In TCM, we are always looking at both external factors and internal factors that contribute to a condition. In the case of Raynaud’s disease, cold acts as a pathogenic factor that can be already present inside the body, and then, when a person is exposed to cold temperatures as an external factor, this triggers an extreme reaction.
So, in many cases, a person suffering from Raynaud’s is already dealing with too much cold and poor blood circulation. Herbs can be used to help warm the body internally and increase blood flow.
Some people develop Raynaud’s symptoms in response to stress. In this case, the liver may be involved. In TCM, the liver is associated with strong emotions, and when the liver is distressed, it can trigger muscular contractions that squeeze the blood vessels, restricting blood flow. In these cases, we will use herbal formulas and acupuncture points to help restore balance in the liver.
When there is an autoimmune disease also present, such as scleroderma or lupus, then there may also be blood stasis, and a thickening of the blood and tissues. TCM can address those conditions at their roots, as well.
An acupuncturist will make careful observations about how each individual is experiencing Raynaud’s symptoms, and address it according to the pattern presenting.
Top 3 Tips for Managing Raynaud’s Syndrome Symptoms
You can help prevent Raynaud’s attacks by keeping your whole body warm, especially your hands and feet.
- Protect your hands and feet. Wear mittens or gloves, thick socks and lined boots, and use hand and foot warmers in cold weather. Consider wearing gloves or oven mitts when reaching into the refrigerator or freezer.
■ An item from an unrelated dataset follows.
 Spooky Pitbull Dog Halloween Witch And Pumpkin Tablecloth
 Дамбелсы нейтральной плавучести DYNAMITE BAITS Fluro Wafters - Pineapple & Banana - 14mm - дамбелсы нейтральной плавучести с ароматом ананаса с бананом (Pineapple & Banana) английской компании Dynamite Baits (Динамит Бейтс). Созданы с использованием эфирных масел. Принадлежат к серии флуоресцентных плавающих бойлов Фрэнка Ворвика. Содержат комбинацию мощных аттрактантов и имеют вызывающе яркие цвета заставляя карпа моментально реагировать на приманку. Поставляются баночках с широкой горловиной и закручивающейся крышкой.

- Exercise regularly, both to stimulate healthy blood circulation, and to help manage stress levels.
- If hands and/or feet do begin to feel cold or numb, take action to warm them up immediately by wiggling them, running them under warm water, massaging them, or putting your hands in your armpits or against your abdomen under your clothing.
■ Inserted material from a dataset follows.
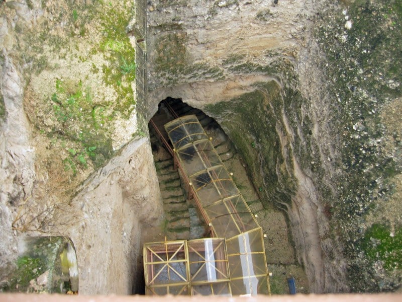 Today was a day I’ve been looking forward to for a long time. Today we went to Caesarea Philippi, the place where Simon became Peter. I’m so excited to tell you it about that I’m tempted to skip the other sites…but I won’t. We actually went to two other places before the big destination (emphasis mine). First, we went to the ancient ruins of Hazor. This city is another very old city. It was built thousands of years before Christ. It’s so old that when Solomon built the gates, there were already ruins of many cities below that he was building on top of. The Bible mentions that fact that Joshua came all the way up here with the Israelites after crossing the Jordan because of the symbolic importance of capturing this city. The most impressive part here was getting to go down into a huge shaft that was dug to get to water. This is similar to what we saw at Megiddo, except this time we got to go down in the tunnel. Basically, the problem was that the spring was located outside the city walls. So, they dug straight down hundreds of feet and then made a horizontal tunnel over to the spring so they could get water without leaving the city. Pretty neat.

Acupuncture Near Me for Raynaud’s Syndrome in West Los Angeles
It is important to address Raynaud’s disease to avoid damage to the nerves and skin tissue in your extremities, and to be sure whether or not Raynaud’s symptoms are related to an underlying autoimmune disorder. The acupuncturists at Art of Wellness Acupuncture in West L.A. have over 35 years of experience helping people with autoimmune conditions, circulatory problems, and nerve pain and tingling. The combination of herbs and acupuncture treatment can help relieve Raynaud’s phenomenon symptoms and address any autoimmune disease or nerve conditions.
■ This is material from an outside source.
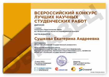 II Всероссийский научно-исследовательский конкурс ВСЕРОССИЙСКИЙ КОНКУРС ЛУЧШИХ НАУЧНЫХ СТУДЕНЧЕСКИХ РАБОТ Код конкурса: НИК-639 Дата проведения: 17 июня 2026 г. К участию в конкурсе принимаются статьи объемом от 5 до 12 страниц на русском и английском языках. Авторами одной конкурсной работы могут быть несколько человек. По итогам конкурса его участники получают: 1. Публикацию своей конкурсной работы (статьи) в сборнике статей конкурса «ВСЕРОССИЙСКИЙ КОНКУРС ЛУЧШИХ НАУЧНЫХ СТУДЕНЧЕСКИХ РАБОТ». Сборнику присваиваются УДК, ББК, ISBN; 2. Именные Дипломы (I, II или III степени) по решению редколлегии; 3. Размещение сборника и публикации участника в Научной электронной библиотеке eLIBRARY (Договор №467-03/2018K); 4. DOI - международный цифровой идентификатор публикации (см. условия участия); 5. Бесплатный сборник статей конкурса «ВСЕРОССИЙСКИЙ КОНКУРС ЛУЧШИХ НАУЧНЫХ СТУДЕНЧЕСКИХ РАБОТ» (в электронном виде); 6. По итогам конкурсов предоставляется выписка из Протокола рассмотрения и оценки конкурсных работ и другие необходимые для отчетности документы (по запросу участника). Сборник статей конкурса формируется в течение 5 дней после окончания приема конкурсных работ (статей) и будет размещен на нашем сайте в разделе Архив конкурсов. Оргвзнос: 990 руб. |

*This article is for education from the perspective of Traditional Chinese Medicine only. The education provided by this article is not approved by FDA to diagnose, prevent, treat and cure human diseases. It should not stop you from consulting with your physician for your medical conditions. Traditional Chinese Medicine is based on Qi, which is an invisible force that usually cannot be observed by modern science. Because science focuses on testing ideas about the natural world with evidence obtained through observation, these aspects of acupuncture can’t be studied by science. Therefore acupuncture and Chinese herbs are often not supported by double-blind, randomized trials, and they are considered alternative medicine therapies in the United States.